* Brief: Reproduce, from the lines below, exactly the stretch that begins at the line containing "All solid gitaar, inclusief" and ends at the line containing "4455 - الإقرار", both included.

* Records for this exercise:
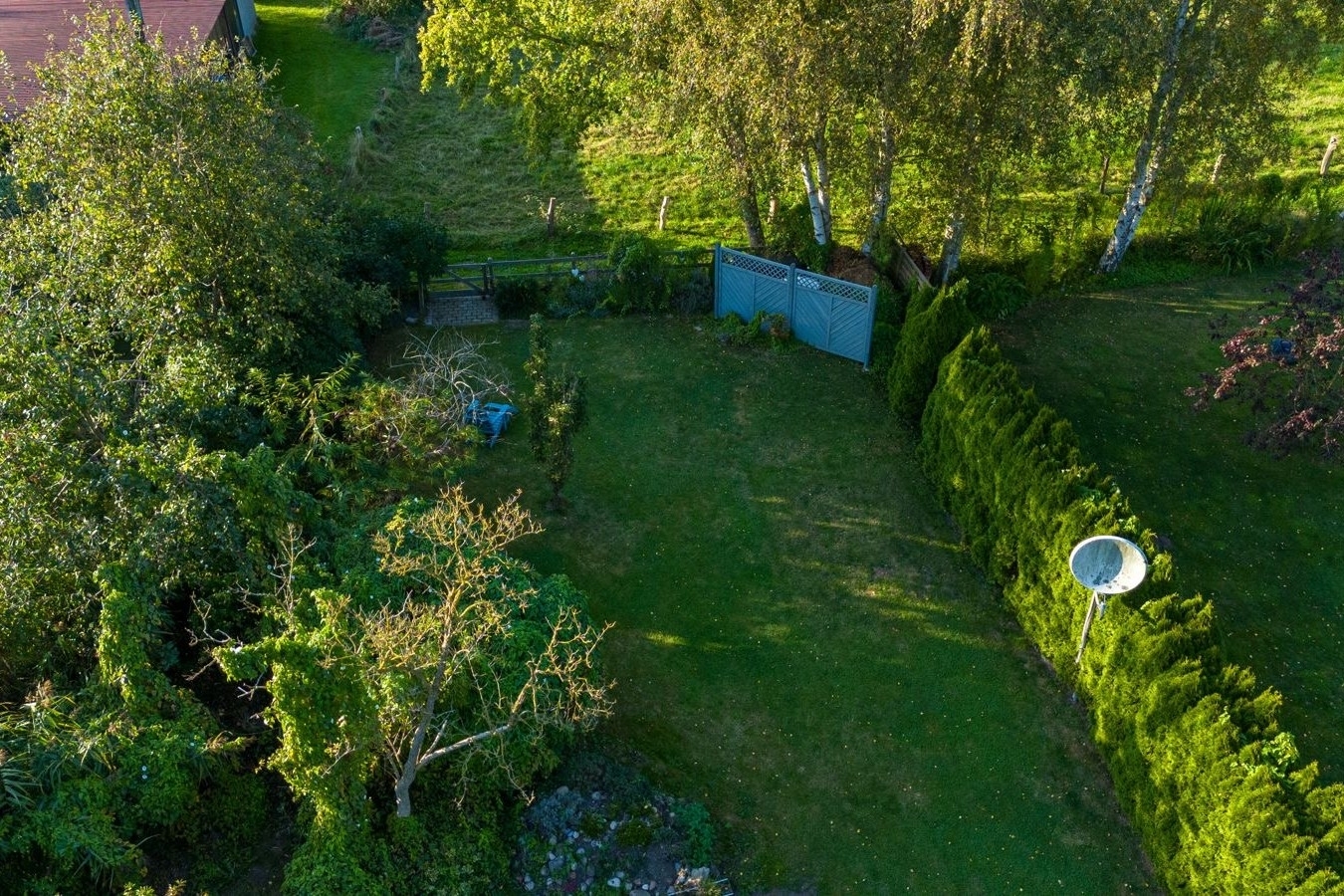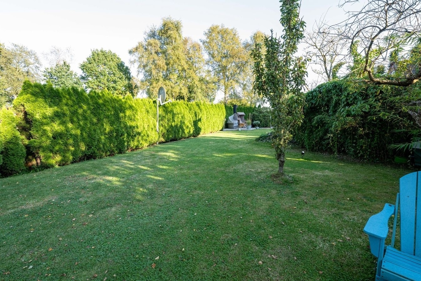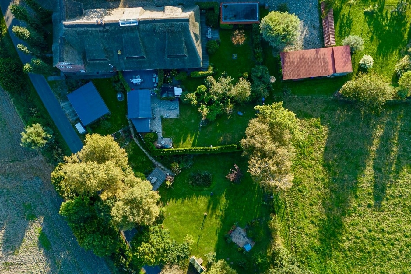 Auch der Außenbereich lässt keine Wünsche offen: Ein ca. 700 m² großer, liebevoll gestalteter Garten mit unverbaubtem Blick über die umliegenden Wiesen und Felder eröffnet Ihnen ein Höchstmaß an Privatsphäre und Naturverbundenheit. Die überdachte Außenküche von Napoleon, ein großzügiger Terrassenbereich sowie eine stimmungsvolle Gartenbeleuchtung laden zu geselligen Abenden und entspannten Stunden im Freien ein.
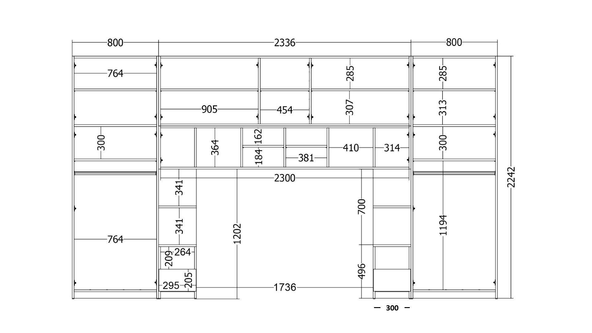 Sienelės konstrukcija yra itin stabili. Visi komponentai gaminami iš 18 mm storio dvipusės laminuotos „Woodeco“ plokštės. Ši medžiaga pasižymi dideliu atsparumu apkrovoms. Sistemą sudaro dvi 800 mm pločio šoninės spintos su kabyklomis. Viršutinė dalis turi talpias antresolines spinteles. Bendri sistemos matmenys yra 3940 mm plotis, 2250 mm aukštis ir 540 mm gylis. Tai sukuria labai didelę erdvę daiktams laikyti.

---

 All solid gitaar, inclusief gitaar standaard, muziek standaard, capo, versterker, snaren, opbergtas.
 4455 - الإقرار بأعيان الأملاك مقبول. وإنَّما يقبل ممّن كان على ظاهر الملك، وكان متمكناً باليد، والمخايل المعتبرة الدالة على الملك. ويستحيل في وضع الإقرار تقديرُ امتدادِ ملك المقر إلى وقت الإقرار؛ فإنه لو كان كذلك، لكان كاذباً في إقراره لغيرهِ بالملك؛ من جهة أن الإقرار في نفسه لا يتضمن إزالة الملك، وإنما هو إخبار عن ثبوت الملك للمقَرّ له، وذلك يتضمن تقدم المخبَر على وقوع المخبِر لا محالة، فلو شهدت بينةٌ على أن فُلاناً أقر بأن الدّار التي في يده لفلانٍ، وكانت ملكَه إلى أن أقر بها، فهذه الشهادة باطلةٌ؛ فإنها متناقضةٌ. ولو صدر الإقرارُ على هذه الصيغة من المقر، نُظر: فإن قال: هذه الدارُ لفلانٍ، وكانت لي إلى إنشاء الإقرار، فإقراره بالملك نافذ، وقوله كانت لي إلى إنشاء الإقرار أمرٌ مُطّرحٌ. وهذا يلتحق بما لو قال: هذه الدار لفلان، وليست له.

* Output:
 All solid gitaar, inclusief gitaar standaard, muziek standaard, capo, versterker, snaren, opbergtas.
 4455 - الإقرار بأعيان الأملاك مقبول. وإنَّما يقبل ممّن كان على ظاهر الملك، وكان متمكناً باليد، والمخايل المعتبرة الدالة على الملك. ويستحيل في وضع الإقرار تقديرُ امتدادِ ملك المقر إلى وقت الإقرار؛ فإنه لو كان كذلك، لكان كاذباً في إقراره لغيرهِ بالملك؛ من جهة أن الإقرار في نفسه لا يتضمن إزالة الملك، وإنما هو إخبار عن ثبوت الملك للمقَرّ له، وذلك يتضمن تقدم المخبَر على وقوع المخبِر لا محالة، فلو شهدت بينةٌ على أن فُلاناً أقر بأن الدّار التي في يده لفلانٍ، وكانت ملكَه إلى أن أقر بها، فهذه الشهادة باطلةٌ؛ فإنها متناقضةٌ. ولو صدر الإقرارُ على هذه الصيغة من المقر، نُظر: فإن قال: هذه الدارُ لفلانٍ، وكانت لي إلى إنشاء الإقرار، فإقراره بالملك نافذ، وقوله كانت لي إلى إنشاء الإقرار أمرٌ مُطّرحٌ. وهذا يلتحق بما لو قال: هذه الدار لفلان، وليست له.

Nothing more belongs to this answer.